Ketika bibirnya akhirnya melepaskan bibir saya dan lengannya melonggar dari sekeliling tubuh saya, saya terengah-engah mencari nafas dengan air mata mengalir di mata saya. Saya tidak pernah menyangka dia akan mencium saya seperti itu. Anthony seharusnya adalah pria yang hangat dan penuh kasih, tetapi pada saat yang sama, saya tidak keberatan melihat sisi yang lebih bergairah dan agresif darinya.
Ada sejenak keheningan yang canggung di gereja sebelum tepuk tangan yang keras bergaung dan menggemakan di sekeliling kami. Saya terlalu sibuk berjuang untuk bernapas dan menangani campuran kegembiraan dan rasa malu yang menginvasi perasaan saya untuk peduli banyak tentang reaksi para penonton kami. Mereka tampaknya telah mendapatkan lebih dari yang mereka harapkan dari pertunjukan yang telah Anthony putuskan untuk dipersembahkan untuk mereka.
Bibir saya terasa memar dari ciumannya tetapi ketika saya memandangnya dengan tudingan, Anthony hanya menunjukkan senyum manis.

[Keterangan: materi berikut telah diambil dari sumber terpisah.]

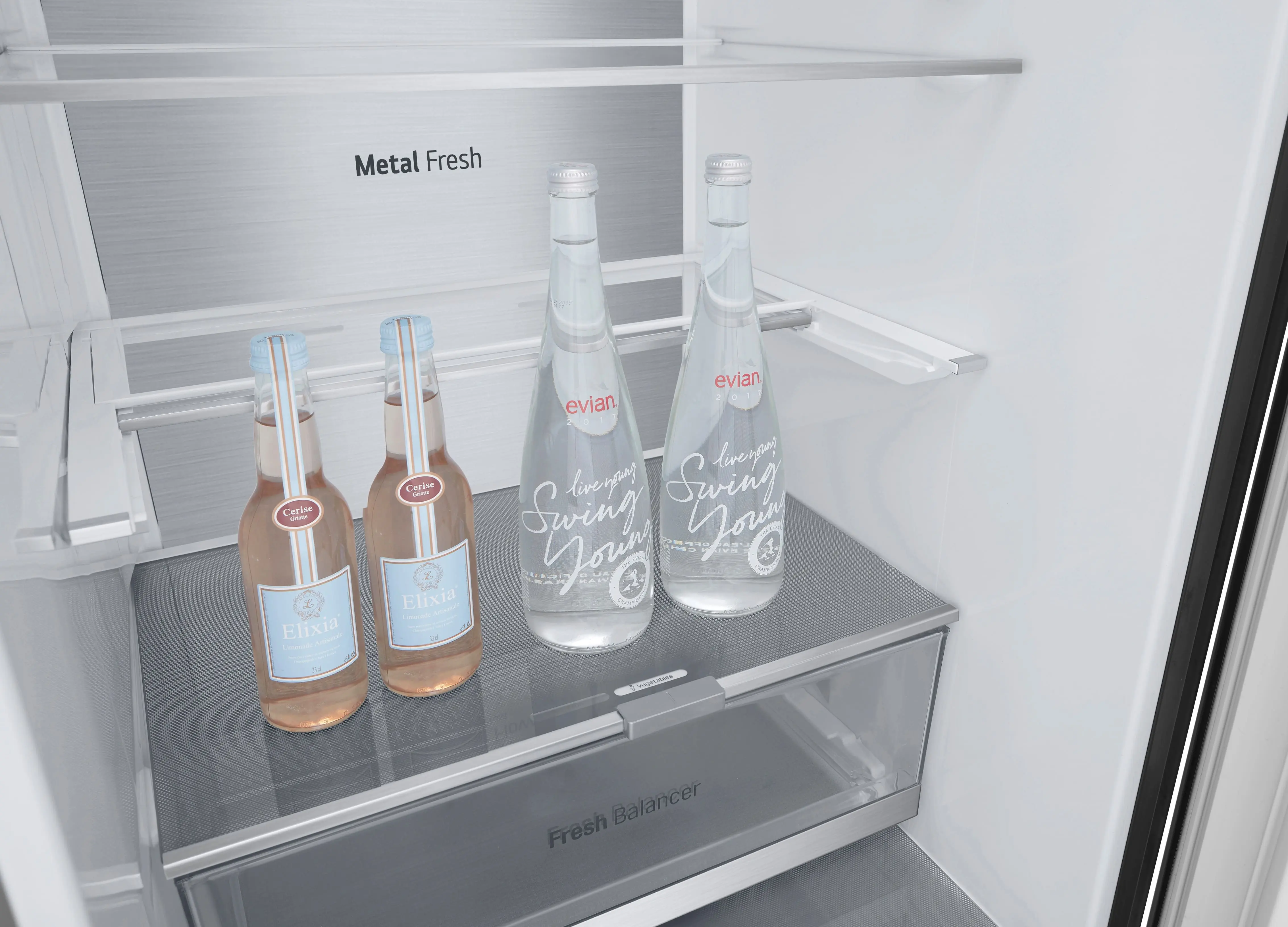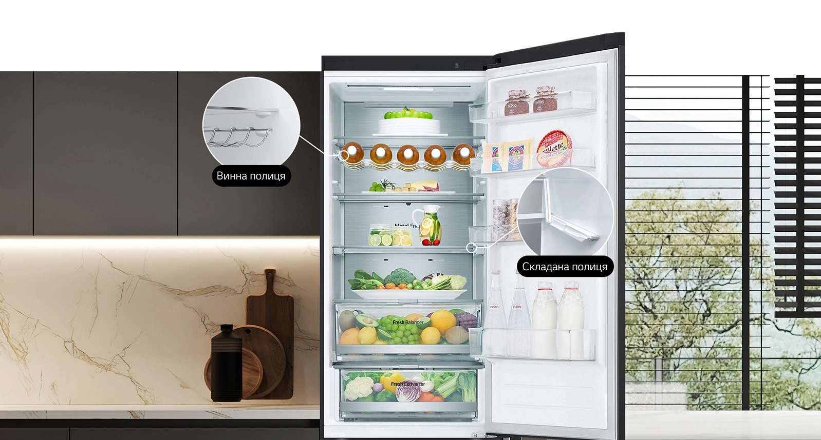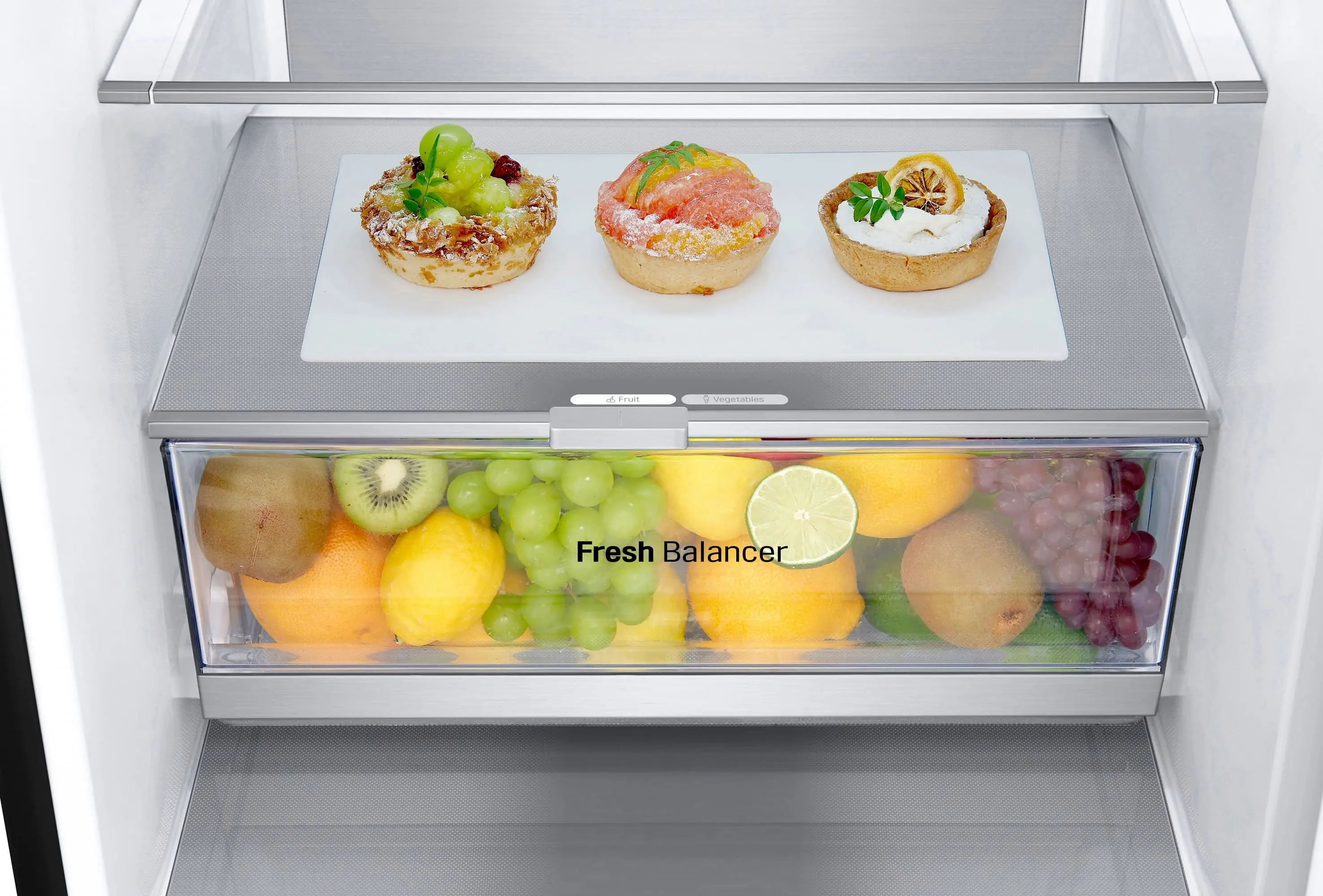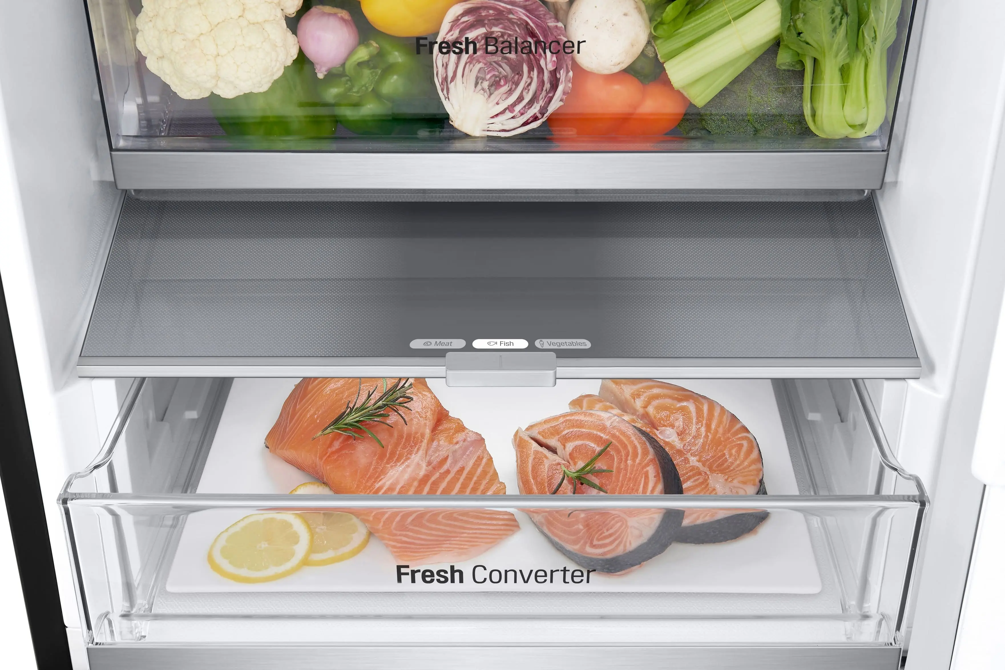 Сучасний холодильник з об’ємом 384 л, нижньою морозильною камерою на 107 л і тихою роботою (35 дБ). Інверторний компресор і технологія Total No Frost забезпечують ефективне охолодження без інею. Оснащений DoorCooling+, зонами свіжості Fresh Balancer і Fresh Converter, Wi-Fi-керуванням LG ThinQ, дисплеєм, LED-підсвіткою та складаною полицею. Енергетичний клас A++, споживання – 288 кВт/рік.

Tatapan polosnya yang sepenuhnya membuat saya merasa seperti saya membayangkan seluruh episode yang baru saja terjadi antara kami. Perubahan berani dan agresif yang tak terduga itu sepertinya telah lenyap seolah-olah tidak ada. Anthony kembali ke dirinya yang ceria dan tersenyum saat dia melingkarkan lengan di sekitar pinggang saya dan menarik saya dengan lembut. Saya menatap ke wajahnya untuk melihat dia tersenyum terang ke kerumunan orang yang ada untuk merayakan apa yang seharusnya menjadi salah satu hari paling bahagia dalam hidup kami.
Setidaknya, itulah yang seharusnya...
"Saya tidak sabar untuk malam ini tiba..." bisik Anthony dekat telinga saya.
Nafas hangatnya mengelus daun telinga saya, dan suara seduktifnya membuat seluruh tubuh saya gemetar. Seseorang yang tidak saya kenali mendekati kami dan mulai memberikan kata-kata selamat, tetapi saya sama sekali tidak bisa mendengar apa yang dikatakan orang itu karena semua yang bisa saya pikirkan adalah malam pernikahan kami yang sebentar lagi akan tiba.